Introduction

Lisa Hopkins and Matthew Steggle


These eight essays are all by academics, but the emphasis throughout is on the perspective and indeed the voice of students, since almost all the essays either include examples of student work and comments or address ways of maximising student participation in the Renaissance classroom. In the first piece, ‘Teaching Shakespeare to Judith: Gender Politics in Distance / Online Teaching’ , Michael Best addresses ‘[t]he challenge, especially for an instructor who is white, male, and not young’ of making Shakespeare ‘accessible to students who are, for the most part, female, young, and increasingly of mixed ethnic origins’. Both W. Scott Howard, in ‘Reconfiguring Wit: Shakespeare, Film and the Critique of Genius’ , and Rowland Wymer, in ‘The Audience Is Only Interested in Sex and Violence: Teaching the Renaissance on Film’, reflect on the experience of teaching either film adaptations of Renaissance plays or films about the Renaissance (in Howard’s case to American students and in Wymer’s to Hungarian), with both focusing firmly on the student experience.
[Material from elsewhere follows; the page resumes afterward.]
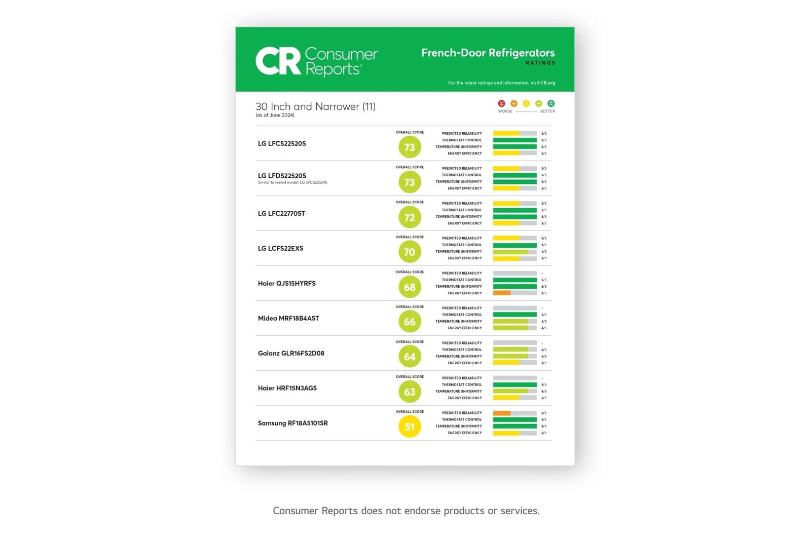 See why Consumer Reports rated the LRFCS22520S and LFDS22520S French Door Refrigerators as the top models in the 30 Inch and Narrower category. 1 SEE RATINGS CHART

In a different way of allowing students’ voices to be heard, ‘Learning to Read Shakespeare: Using Read-Throughs as a Teaching and Learning Strategy’, Matthew C. Hansen advocates reading aloud in the classroom as a way of encouraging students to engage with the Shakespearean text, while Carrie Hintz wrestles with the question of unexpected and perhaps unwelcome student voices in ‘Satan is Not a Literary Character: Teaching Early Modern Literature to Religiously Committed Students’. Finally, the third group of essays are all centred on the question of a different sort of marginalised voices, those of the lesser-studied writers of the period: Ty Buckman considers the question of ‘1590s London: Charting a Course Through Late Tudor Culture’, Robert C. Evans looks at ‘Internet Resources for Teaching Early Modern Women Writers’, and Roze Hentschell examines ‘Teaching in Context / Reading on the Margins: Renaissance Non-canonical Literature on the Undergraduate Syllabus’. The Renaissance may include some of the most canonical and revered of authors, but these essays show that it also affords plenty of scope for allowing other voices to be heard, and indeed that study of the period remains an arena where the student’s own voice can grow stronger and more articulate.